▶ [TASK OBJECTIVE]: Instruction for the data below: set down exactly the lines from the line with "為了量化活性炭載金催化劑的催" to the line with "男の子用は勇ましさや出世、大", inclusive, and no others.

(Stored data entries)
◇ ◇ ◇ ◇ ◇

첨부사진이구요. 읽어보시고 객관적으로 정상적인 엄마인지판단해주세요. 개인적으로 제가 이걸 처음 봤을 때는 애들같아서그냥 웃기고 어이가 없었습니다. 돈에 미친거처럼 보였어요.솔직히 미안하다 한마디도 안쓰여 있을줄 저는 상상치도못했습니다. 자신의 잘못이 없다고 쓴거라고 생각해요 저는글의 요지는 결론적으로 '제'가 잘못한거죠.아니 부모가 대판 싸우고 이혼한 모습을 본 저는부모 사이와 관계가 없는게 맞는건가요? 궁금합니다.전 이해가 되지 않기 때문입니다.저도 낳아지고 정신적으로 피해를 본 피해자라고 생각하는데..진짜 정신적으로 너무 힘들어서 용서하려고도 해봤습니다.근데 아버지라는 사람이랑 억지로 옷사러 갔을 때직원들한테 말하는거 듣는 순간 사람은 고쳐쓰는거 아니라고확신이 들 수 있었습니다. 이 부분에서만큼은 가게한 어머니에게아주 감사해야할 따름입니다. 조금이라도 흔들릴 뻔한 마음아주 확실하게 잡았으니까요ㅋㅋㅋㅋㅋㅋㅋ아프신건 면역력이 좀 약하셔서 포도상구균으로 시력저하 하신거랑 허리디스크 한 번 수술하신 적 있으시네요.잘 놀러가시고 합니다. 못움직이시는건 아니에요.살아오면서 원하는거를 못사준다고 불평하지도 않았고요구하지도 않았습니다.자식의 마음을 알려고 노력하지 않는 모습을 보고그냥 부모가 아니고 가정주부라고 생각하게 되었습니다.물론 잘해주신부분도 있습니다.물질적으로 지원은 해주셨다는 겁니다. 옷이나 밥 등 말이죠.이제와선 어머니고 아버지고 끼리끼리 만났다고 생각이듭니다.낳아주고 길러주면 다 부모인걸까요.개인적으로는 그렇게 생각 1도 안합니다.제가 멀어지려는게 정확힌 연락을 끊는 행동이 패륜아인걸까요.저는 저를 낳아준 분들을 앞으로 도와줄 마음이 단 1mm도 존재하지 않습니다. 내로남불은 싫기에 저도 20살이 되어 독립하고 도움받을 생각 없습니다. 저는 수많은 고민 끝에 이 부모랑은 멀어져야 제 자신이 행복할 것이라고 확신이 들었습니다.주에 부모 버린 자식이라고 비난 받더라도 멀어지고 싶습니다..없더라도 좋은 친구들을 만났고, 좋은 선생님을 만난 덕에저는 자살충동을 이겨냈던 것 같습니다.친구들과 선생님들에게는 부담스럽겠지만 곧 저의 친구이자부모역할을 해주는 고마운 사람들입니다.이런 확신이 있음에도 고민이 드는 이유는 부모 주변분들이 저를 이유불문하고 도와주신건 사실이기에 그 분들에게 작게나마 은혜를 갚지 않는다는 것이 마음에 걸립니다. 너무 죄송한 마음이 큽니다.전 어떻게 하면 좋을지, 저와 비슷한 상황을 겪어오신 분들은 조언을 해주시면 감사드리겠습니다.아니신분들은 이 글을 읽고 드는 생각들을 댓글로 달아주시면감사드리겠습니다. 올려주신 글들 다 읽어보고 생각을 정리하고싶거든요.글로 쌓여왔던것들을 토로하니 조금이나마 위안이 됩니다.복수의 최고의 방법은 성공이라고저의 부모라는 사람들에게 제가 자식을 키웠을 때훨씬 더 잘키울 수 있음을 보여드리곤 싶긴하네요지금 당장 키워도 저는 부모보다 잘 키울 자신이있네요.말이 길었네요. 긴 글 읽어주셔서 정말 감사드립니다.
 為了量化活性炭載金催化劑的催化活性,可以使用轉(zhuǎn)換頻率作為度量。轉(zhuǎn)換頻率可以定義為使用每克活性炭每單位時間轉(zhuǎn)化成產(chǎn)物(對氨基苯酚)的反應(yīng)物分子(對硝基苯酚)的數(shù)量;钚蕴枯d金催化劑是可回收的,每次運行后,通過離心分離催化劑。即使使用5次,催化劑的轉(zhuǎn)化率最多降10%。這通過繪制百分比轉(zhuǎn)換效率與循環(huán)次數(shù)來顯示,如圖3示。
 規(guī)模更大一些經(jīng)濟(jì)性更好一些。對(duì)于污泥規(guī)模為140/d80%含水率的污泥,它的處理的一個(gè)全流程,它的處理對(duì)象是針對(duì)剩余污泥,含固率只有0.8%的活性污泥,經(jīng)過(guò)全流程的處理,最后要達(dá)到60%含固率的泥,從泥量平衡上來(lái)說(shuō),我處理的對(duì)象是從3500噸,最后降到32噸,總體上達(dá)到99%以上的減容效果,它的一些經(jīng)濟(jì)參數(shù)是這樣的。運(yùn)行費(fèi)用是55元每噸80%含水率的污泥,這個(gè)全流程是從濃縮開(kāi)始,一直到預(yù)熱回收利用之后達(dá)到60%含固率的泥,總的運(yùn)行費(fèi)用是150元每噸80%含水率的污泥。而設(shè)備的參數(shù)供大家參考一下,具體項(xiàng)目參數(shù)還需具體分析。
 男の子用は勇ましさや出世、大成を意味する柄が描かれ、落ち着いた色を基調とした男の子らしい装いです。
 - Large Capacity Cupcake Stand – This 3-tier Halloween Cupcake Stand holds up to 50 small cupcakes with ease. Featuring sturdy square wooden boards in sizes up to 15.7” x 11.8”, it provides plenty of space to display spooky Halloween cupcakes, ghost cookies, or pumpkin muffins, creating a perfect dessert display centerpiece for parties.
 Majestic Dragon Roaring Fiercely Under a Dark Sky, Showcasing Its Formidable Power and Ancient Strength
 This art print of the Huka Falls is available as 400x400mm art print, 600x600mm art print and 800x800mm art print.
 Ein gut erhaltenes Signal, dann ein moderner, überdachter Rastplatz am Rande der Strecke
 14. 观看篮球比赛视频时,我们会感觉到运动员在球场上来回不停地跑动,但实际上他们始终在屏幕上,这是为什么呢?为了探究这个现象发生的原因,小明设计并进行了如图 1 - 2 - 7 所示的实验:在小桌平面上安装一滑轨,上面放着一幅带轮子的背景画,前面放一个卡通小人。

◇ ◇ ◇ ◇ ◇

▶ [RESPONSE TO THIS TASK]:
 為了量化活性炭載金催化劑的催化活性,可以使用轉(zhuǎn)換頻率作為度量。轉(zhuǎn)換頻率可以定義為使用每克活性炭每單位時間轉(zhuǎn)化成產(chǎn)物(對氨基苯酚)的反應(yīng)物分子(對硝基苯酚)的數(shù)量;钚蕴枯d金催化劑是可回收的,每次運行后,通過離心分離催化劑。即使使用5次,催化劑的轉(zhuǎn)化率最多降10%。這通過繪制百分比轉(zhuǎn)換效率與循環(huán)次數(shù)來顯示,如圖3示。
 規(guī)模更大一些經(jīng)濟(jì)性更好一些。對(duì)于污泥規(guī)模為140/d80%含水率的污泥,它的處理的一個(gè)全流程,它的處理對(duì)象是針對(duì)剩余污泥,含固率只有0.8%的活性污泥,經(jīng)過(guò)全流程的處理,最后要達(dá)到60%含固率的泥,從泥量平衡上來(lái)說(shuō),我處理的對(duì)象是從3500噸,最后降到32噸,總體上達(dá)到99%以上的減容效果,它的一些經(jīng)濟(jì)參數(shù)是這樣的。運(yùn)行費(fèi)用是55元每噸80%含水率的污泥,這個(gè)全流程是從濃縮開(kāi)始,一直到預(yù)熱回收利用之后達(dá)到60%含固率的泥,總的運(yùn)行費(fèi)用是150元每噸80%含水率的污泥。而設(shè)備的參數(shù)供大家參考一下,具體項(xiàng)目參數(shù)還需具體分析。
 男の子用は勇ましさや出世、大成を意味する柄が描かれ、落ち着いた色を基調とした男の子らしい装いです。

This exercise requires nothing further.